Ces impacts au niveau cellulaire et hormonal ont leurs répercussions sur le métabolisme des perchaudes. La manière dont les perchaudes gèrent leurs réserves énergétiques est affectée et les perchaudes de lacs contaminés accumulent moins de réserves lipidiques dans leur foie (Levesque et al., 2002). Ces différences pourraient être le résultat de changements au niveau enzymatique. Levesque et al. (2002) ont aussi observé que l'activité de la glucose-6-phosphate déshydrogénase (G6PDH) et de la malate déshydrogénase était moindre dans les foies de perchaudes de lacs contaminés. Ces deux enzymes sont responsables de la production d'agents réducteurs qui sont requis pour l'élongation des acides gras. D'autres études ont aussi démontré que le métabolisme aérobie, dans les muscles des perchaudes contaminées, est affecté notamment par des baisses d'activité de la CS et de la CCO (Couture et al., 2008). D'autre part, ces mêmes études n'ont pas observé de différences dans la capacité glycolytique (lactate déshydrogénase (LDH) et pyruvate kinase (PK)) des perchaudes vivant en milieu contaminé.

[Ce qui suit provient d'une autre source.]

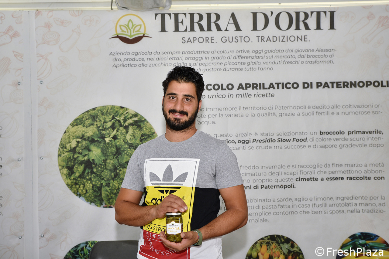 In rappresentanza dell'azienda agricola Terra D'Orti, Alessandro, che mostra un vasetto di conserva di broccolo Aprilatico di Paternopoli (AV). Questo ortaggio primaverile, frutto di una selezione operata secoli fa. si distingue per le cime croccanti se crude, ma succose e di sapore gradevole dopo la cottura. Si raccoglie dalla fine di marzo fino alla metà di maggio. E' un ortaggio tuttavia delicato e altamente deperibile, cosa per cui trasformarlo in conserva ne consente una distribuzione più ampia.
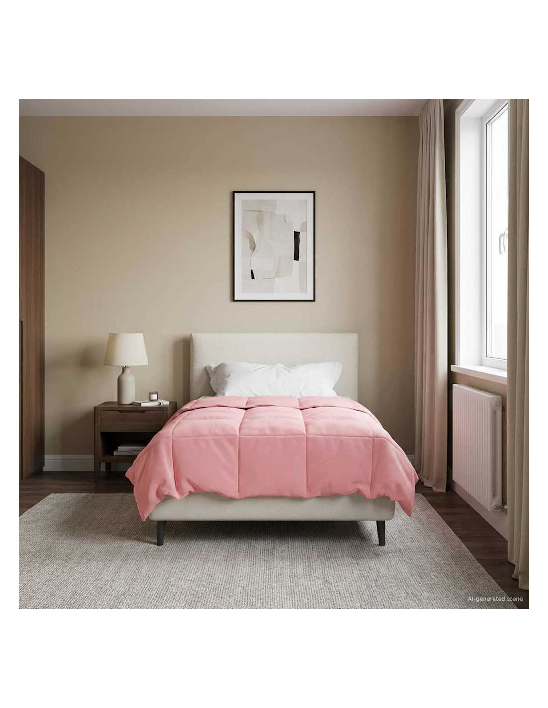 - Microfibra di qualità: Realizzato in microfibra, questo piumino offre un tocco morbido e veloce, ideale per un sonno confortevole. La microfibra è resistente alle pieghe e mantiene il suo aspetto fresco nel tempo, rendendo il piumino un elemento chiave della tua casa, offrendo comfort e stile di notte in notte.
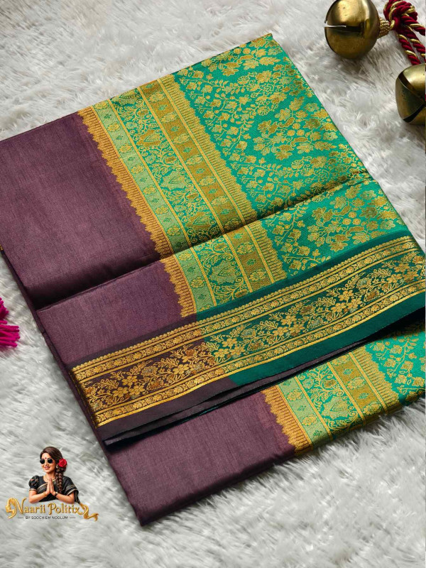 The deep mauve body provides a muted, elegant canvas that makes the bright emerald green and gold zari pop. The transition between the colors is marked by a delicate "temple" or Gopuram style weave, ensuring a seamless yet striking contrast that looks beautiful when draped.
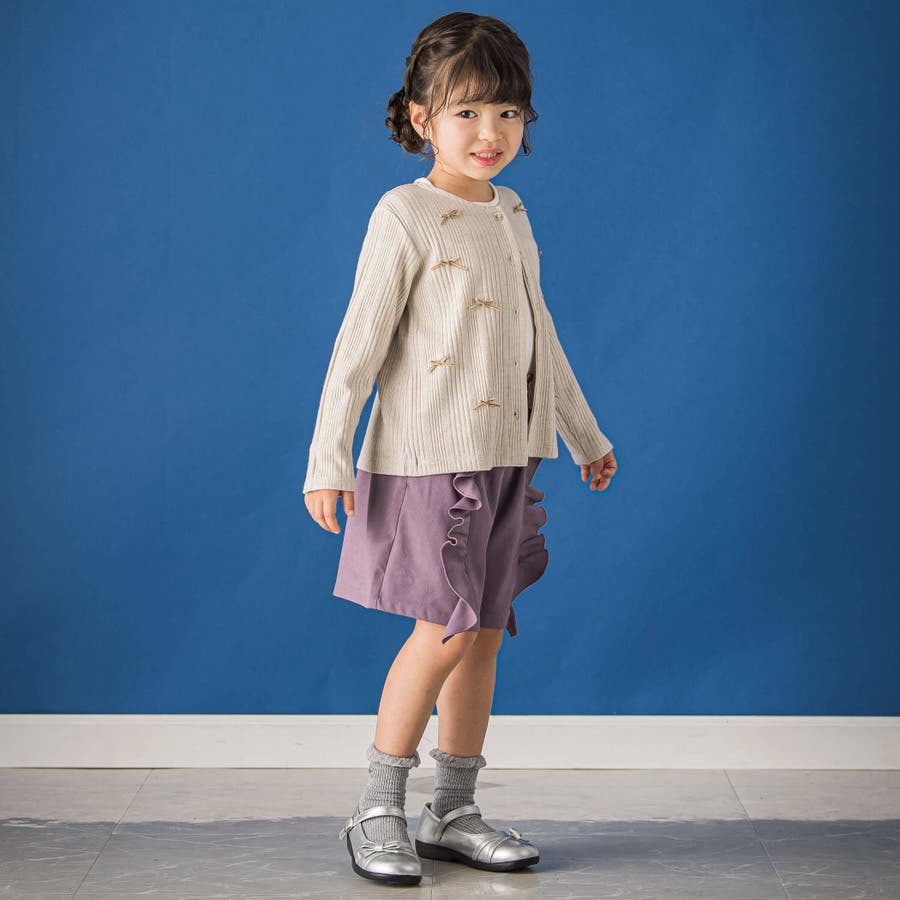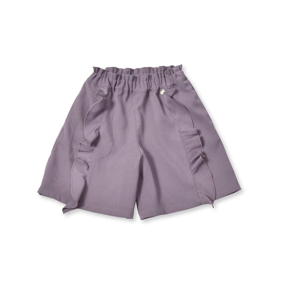 【パープル】異素材フリルキュロットパンツ(95~150cm)

A l'échelle de l'organisme, des effets néfastes ont aussi été observés. Les perchaudes qui résident dans les lacs contaminés ont souvent de faibles taux de croissance (Sherwood et al., 2000; Campbell et al., 2003) qui ont été attribués à une moins bonne capacité de convertir la nourriture en masse corporelle (Sherwood et al., 2000; Sherwood et al., 2002a). Avec ces observations d'un taux de croissance moindre, c'est sans surprise que plusieurs chercheurs ont aussi constaté que les perchaudes provenant de lacs contaminés ont aussi un indice d'embonpoint inférieur aux perchaudes de lacs de référence (Levesque et al., 2002; Levesque et al., 2003; Kraemer et al., 2006; Pyle et al., 2008). Une diminution de la capacité reproductive des

perchaudes des lacs contaminés est potentiellement liée à des indices d'embonpoint plus faibles (Levesque et al., 2003).